REQUIRED WORK »
Copy every line of the records exactly, without including the images.

RECORD EXTRACTS »
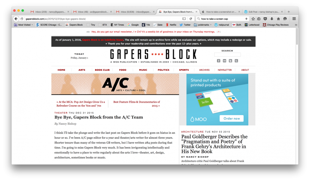 Posted: January 3, 2016 Filed under: Digital life, Movies, Music, Theater | Tags: Chicago Architecture Biennial, Gapers Block, Third Coast Review Leave a commentThe last year had many exciting and interesting moments for me, but the last month has been challenging. I spent most of it mourning about and planning how to recover from the demise of Gapers Block, the website for which I’ve written for almost three years. The site is now “on hiatus.” Andrew Huff, the editor and publisher of the 12-year-old website, posted a letter to readers explaining the change. And this is how the site looks now.
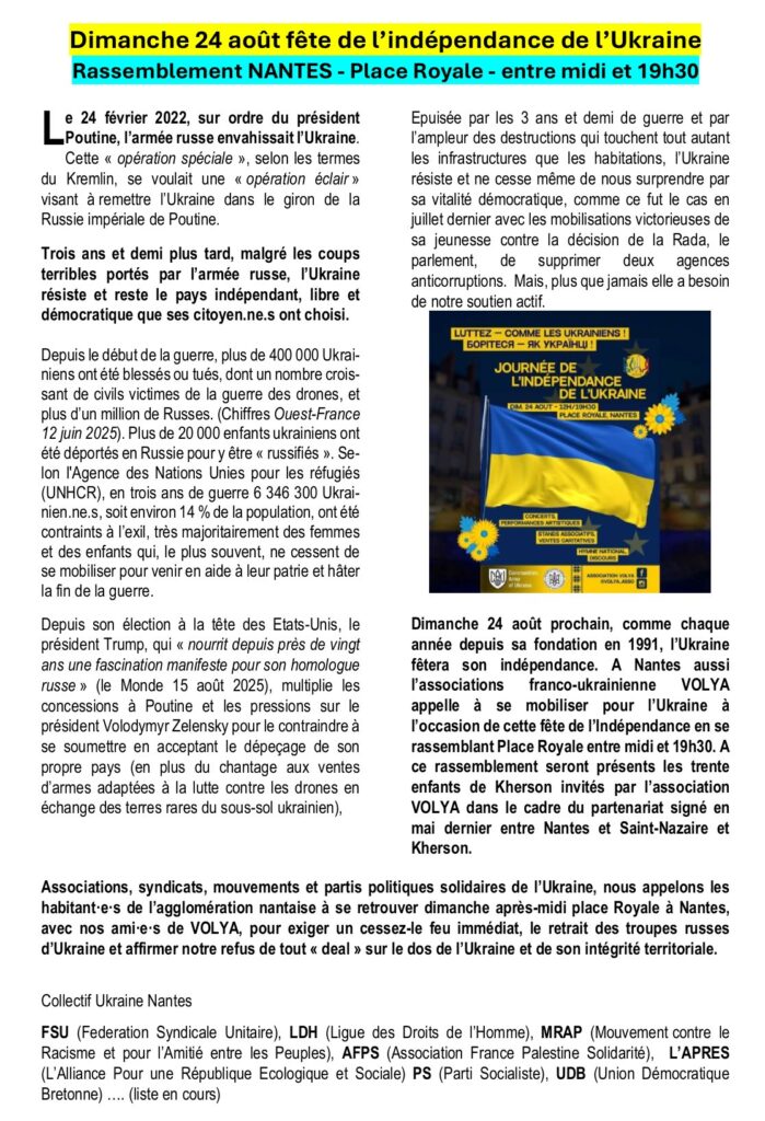 Appel à se joindre au rassemblement organisé par l’association Volya à l’occasion de la Fête de l’Indépendance de l’Ukraine ce dimanche 24 août entre midi et 19h30 Place Royale à Nantes.
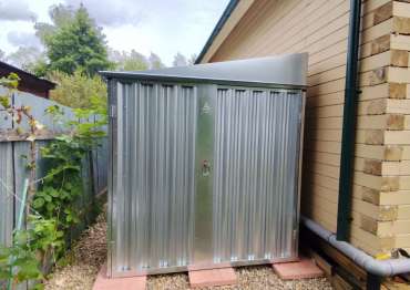 Проект: 6-метровый хозблок для хранения велосипедов, садового инвентаря и хозяйственных принадлежностей в цинковом цвете.
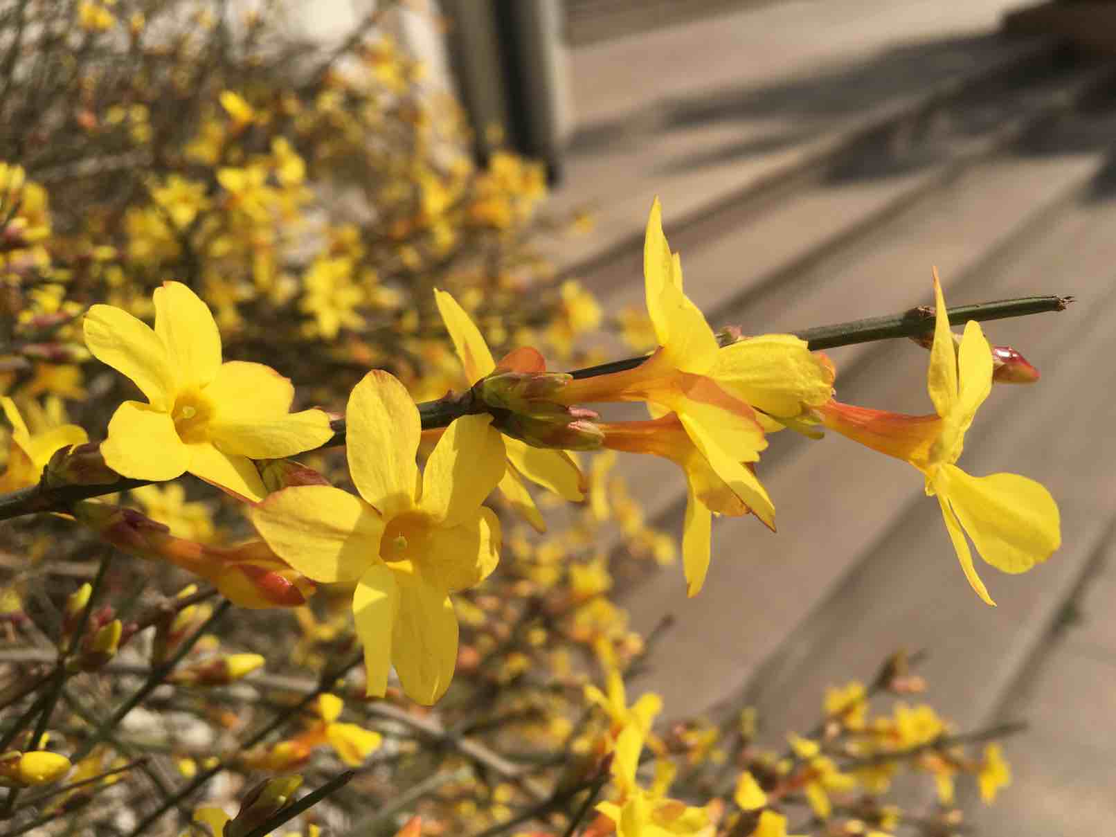 我家阳台上的迎春花也开了,春天真的来了
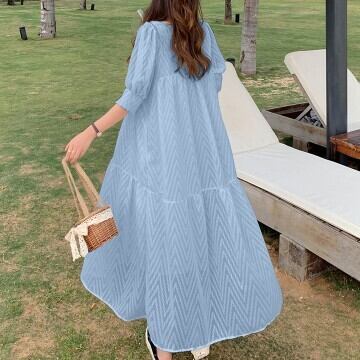 個性的なデザインが魅力のパフスリーブワンピース。ロング丈でどんなシーンでも活躍し、ラウンドネックとフレアシルエットが大人可愛く仕上げます。半袖のパフスリーブが女性らしい雰囲気を醸し出し、存在感のある一着です。シンプルなデザインで、大人の方から10代の方まで、幅広い層にご愛用いただけます。
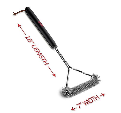 Quiseen Stainless Steel Heavy Duty BBQ Grill Brush Long Safe Handle, 18" L
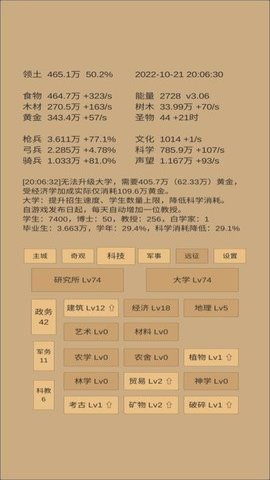 教育:增加博士上限,必点,至少保证博士不到上限。可以加科技,最高不超过大学等级除以5。不用点太多。(博士是可以减少升级的科技消耗的)
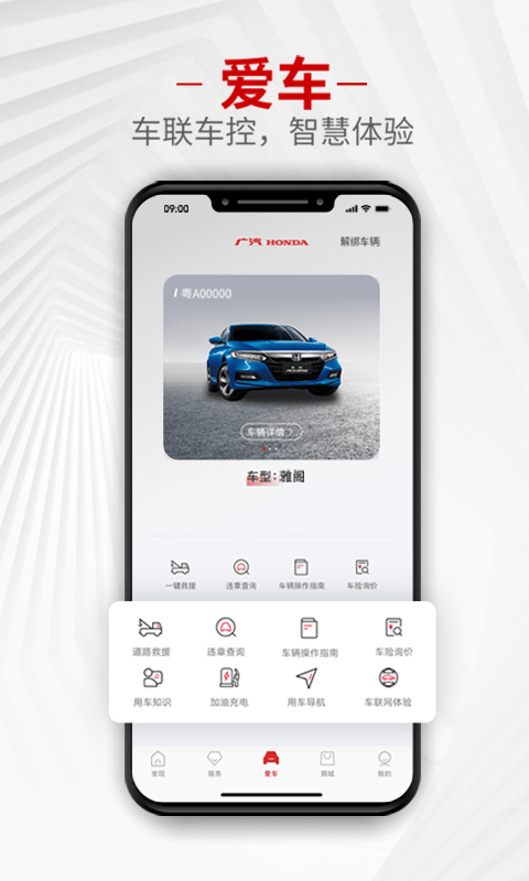 爱车:爱车车况全掌控!绑定爱车,体验互联服务或智能控车功能

RESPONSE AREA »
 Posted: January 3, 2016 Filed under: Digital life, Movies, Music, Theater | Tags: Chicago Architecture Biennial, Gapers Block, Third Coast Review Leave a commentThe last year had many exciting and interesting moments for me, but the last month has been challenging. I spent most of it mourning about and planning how to recover from the demise of Gapers Block, the website for which I’ve written for almost three years. The site is now “on hiatus.” Andrew Huff, the editor and publisher of the 12-year-old website, posted a letter to readers explaining the change. And this is how the site looks now.
 Appel à se joindre au rassemblement organisé par l’association Volya à l’occasion de la Fête de l’Indépendance de l’Ukraine ce dimanche 24 août entre midi et 19h30 Place Royale à Nantes.
 Проект: 6-метровый хозблок для хранения велосипедов, садового инвентаря и хозяйственных принадлежностей в цинковом цвете.
 我家阳台上的迎春花也开了,春天真的来了
 個性的なデザインが魅力のパフスリーブワンピース。ロング丈でどんなシーンでも活躍し、ラウンドネックとフレアシルエットが大人可愛く仕上げます。半袖のパフスリーブが女性らしい雰囲気を醸し出し、存在感のある一着です。シンプルなデザインで、大人の方から10代の方まで、幅広い層にご愛用いただけます。
 Quiseen Stainless Steel Heavy Duty BBQ Grill Brush Long Safe Handle, 18" L
 教育:增加博士上限,必点,至少保证博士不到上限。可以加科技,最高不超过大学等级除以5。不用点太多。(博士是可以减少升级的科技消耗的)
 爱车:爱车车况全掌控!绑定爱车,体验互联服务或智能控车功能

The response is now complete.